US Winter Paralympic race training with National Abilities Center (NAC)

Today, I had the opportunity to ski with alpine skiers trying to make the 2018 US Winter Paralympic team at Park City, the site of the 2002 Winter Olympics. It was a very informative experience as I had never even swung myself around race gates before. Today, the team was working on GS (Giant Slalom), so were out in their skinny, long GS skis. I found out the minimum height for GS skis for women, regardless of height and weight, is 183cm. And of course, it gets longer for Super-G and downhill events. This is a disadvantage for the smaller and shorter girls like myself, but why should I stop pursuing sports that I am not genetically pre-dispositioned for? :p

The prestigious and luxurious NAC double-wide trailer that houses lockers and equipment and changing space

The prestigious and luxurious NAC double-wide trailer that houses lockers and equipment and changing space

Ski resorts can be a dangerous place, I guess

Ski resorts can be a dangerous place, I guess

Erik, the Head Alpine coach, had given me information on what to expect today, but I still was not sure what that would entail. The first part of the session from 9am to 11.15am or so was spent warming up and little drills. This was followed by a 15 min or so bathroom break before heading out to the race course. At the race course, Erik and Shannon, a visiting coach from Australia, had us go down one by one while they videoed us and gave us verbal feedback on the course.

Racing down icy black runs is not exactly my idea of fun

Racing down icy black runs is not exactly my idea of fun

I was very conservative because I really did not want to cause further injury to the right leg. The overwhelming feeling I had was, I really like ripping it when I’m just skiing for fun because no one is making me do it. If I were to race, it would feel a lot like a job (which it would be to some degree), and that would make it no fun at all.

Then there is the risk of another injury.
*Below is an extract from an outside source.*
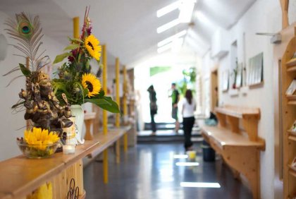Our aim is to provide you with an ideal environment for gaining new insights, accessing your intuition, and rediscovering your inner JOY. The daily routine of yoga postures, breathing exercises, deep relaxation, chanting, meditation and vegetarian meals is designed to have an optimal effect on your body, mind and soul. In the rejuvenating quietude, close to Mother Nature, you can replenish your energy and truly relax.

The video below shows a sit-skier with the Mexican team who was in the recent Sochi Winter Olympics. It turns out he had a bad crash and sustained an even higher level of spinal cord injury (T10-ish) than his previous one (L-level). He is holding back a lot in the video below because he is hurting, and also basically learning how to ski again with his reduced function. Why would he want to ski again? I guess people ask me the same thing with respect to climbing: Aren’t you worried about getting hurt again? It’s about living and feeling alive; yet, climbing and its risks (which, to me, are much lower) are acceptable to me, whereas hurtling down and icy slope to beat a clock/other people is not.

The day ended with brief video analysis. I was surprised that the video analysis was as quick as it was. But I suppose these guys see each other most every week day.

Another source of hesitancy, besides my personality and motivation, is the financial side of things. Being poor to freeze my ass off in lycra to ski down ice is not terribly appealing. Sure, you could piece together an existence, with grants, scholarships, jobs, and a low cost of living. But any other disposable income or saving for retirement? Forget about it. I am not ruling the possibility of racing entirely out, but I know for a fact I have a lot more fun free-skiing.

Well, this round of skiing is coming to an end. I am hoping to squeeze in a morning ski tomorrow before having to start my drive back to Cambridge, MA tomorrow afternoon. I can’t say I am too excited about three days of sitting on my ass all day long driving. While equipment and physical setbacks made me have to skip out on Colorado and New Mexico this time round, there is a chance I can make a dedicated CO ski trip between when I return from Chamonix and the start of my new job. Of course this depends on a number of factors, including my body. Such a trip would make me very happy as I would get to return to a place I love very much (Telluride) and see friends there.